Шрифт:
Интервал:
Закладка:
Вся моя дальнейшая жизнь висела на волоске. Именно так мне казалось в этот момент. Всё или ничего. Мгновение тёплых объятий или вечность в холодном поту. С каждой дополнительной секундой ожидания усиливалось ощущение просачивающейся в клетки моего тела малодушности. Я должен был взять себя в руки и положить этому конец.
"Молчание – знак согласия," – уверенно произнёс я и, не дожидаясь никакой другой реакции, обнял её.
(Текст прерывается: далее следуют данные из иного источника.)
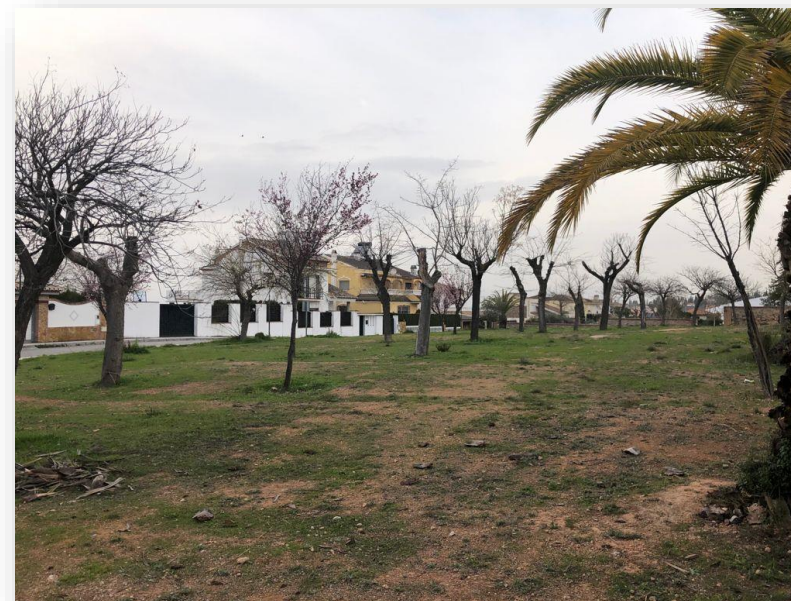
Vista del lugar con la propuesta

Я мог чувствовать, как по всему моему телу проносятся мурашки. Их скорость значительно превышала скорость движения моих мыслей, не поспевающих за первобытными реакциями организма, который в погоне за этим морозным, но чертовски приятным покалыванием рефлекторно увеличивал силу сжатия источника столь упоительных ощущений. Я обвил Эстель своими руками словно Кракен, непреодолимо жаждущий утащить с собой на морское дно Чёрную Жемчужину и никому не желающий её отдавать.
"Биение сердца – наиболее искреннее проявление тебя и твоего тела," – прошептала она мне на ухо. Мне казалось, что тепло её дыхания способно согреть меня даже самой холодной ночью. "Теперь я знаю, что если мне захочется узнать что-то наверняка, достаточно лишь приложить голову к твоей груди всё станет ясно."
Я обхватил своими руками её плечи и слегка отодвинул, чтобы посмотреть в эти голубые глаза.
"Раз уж ты сама всё поняла, мне незачем больше скрывать свои намерения," – сказал я и незамедлительно впился в губы Эстель, испытав на себе всю силу последнего первого поцелуя в моей жизни, среди побочных эффектов от которого были головокружение, изумление и умопомрачение.
Я почувствовал, как её тело обессилило. Она растаяла в моих руках и растворилась в порыве моей страсти. Своей левой рукой я прижал её талию к себе, а правой обхватил шею, задняя поверхность которой была приятнее на ощупь даже самого лучшего в мире песка. Мы не замечали и не чувствовали никого и ничего вокруг. На этот краткий миг я был центром её мира, а она – моего.
Когда я наконец-то от неё оторвался, мы посмотрели друг другу в глаза, в которых увидели отражение самих себя и Луны, пусть и не настолько яркой и круглой, как на том острове в Таиланде, но такой нашей и родной.
"Пора возвращаться. Ребята, наверно, уже нас потеряли," – сказала Эстель, повернув голову назад в поисках единственного огненного пятна на горизонте.
"Да…" – нехотя протянул я, и мы отправились назад.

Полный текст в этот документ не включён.